Mike Novogratz sees FOMO among institutions
In June, Novogratz stated that the crypto market will feel like a bubble once it reaches $20 trillion, after experiencing a hundredfold increase from the current price range.
At the time, Novogratz explained that the next rally of crypto will be fueled by institutions entering the crypto market, triggering FOMO (fear of missing out) among other institutional investors.
“[Cryptocurrency] is a global revolution. The internet bubble was only a U.S. thing. It was rich U.S. people participating. [Cryptocurrency] is global. There are kids in Bangladesh buying coins. It is monstrous in Tokyo, in South Korea, in China, in India and in Russia. We’ve got a global market and a global mania.
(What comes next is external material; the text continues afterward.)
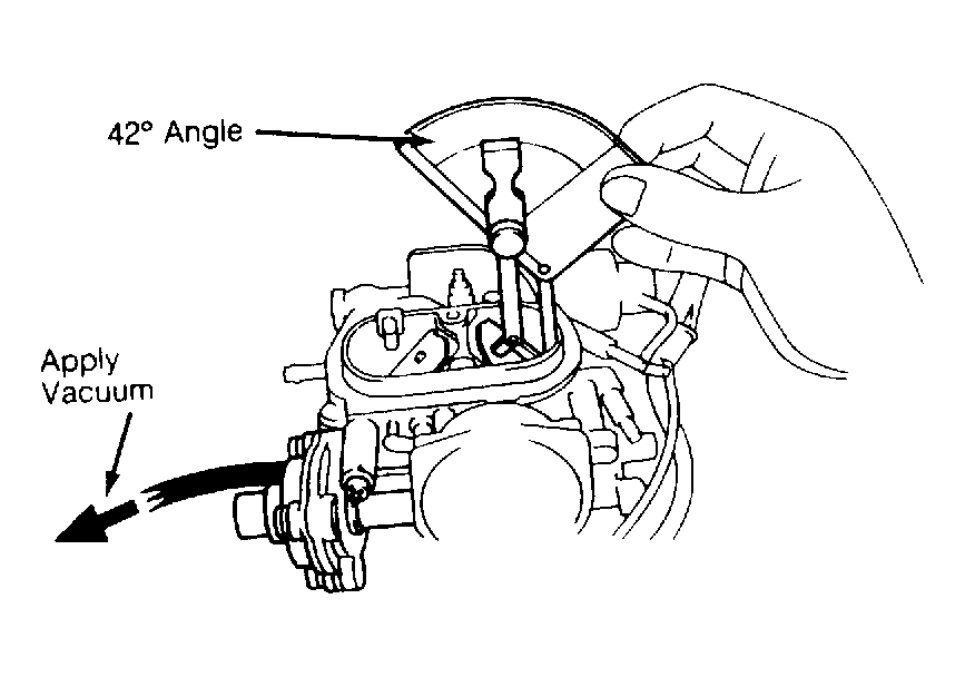 Fully open primary throttle valve. Insert angle gauge and measure choke valve angle. Choke valve angle should measure 45 degrees. Adjust by bending primary throttle arm. See Fig 1.

This will feel like a bubble when we’re at $20 trillion.”
Over the past month, as Cointelegraph reported, Citigroup, Morgan Stanley and Goldman Sachs — three of the largest investment banks in the U.S. — have publicly released their plans to facilitate growing demand for Bitcoin from institutional investors.
Morgan Stanley is said to have already established a system to process funds coming from the traditional finance sector into the crypto market and is currently awaiting an internal procedure to launch its crypto custody.
“It won’t go there [$20 trillion] right away. What is going to happen is, one of these intrepid pension funds — somebody who is a market leader — is going to say, ‘You know what? we’ve got custody, Goldman Sachs is involved, [and] Bloomberg has an index I can track my performance against,’ and they’re going to buy. And all of the sudden, the second guy buys. The same FOMO that you saw in retail [will be demonstrated by institutional investors].”
The deployment of crypto custodian solutions by regulated financial institutions and strengthening infrastructure around crypto will increase the probability of institutional investors committing to cryptocurrencies, which may increase the chances of the crypto market potentially achieving hundreds of trillions of dollars in valuation.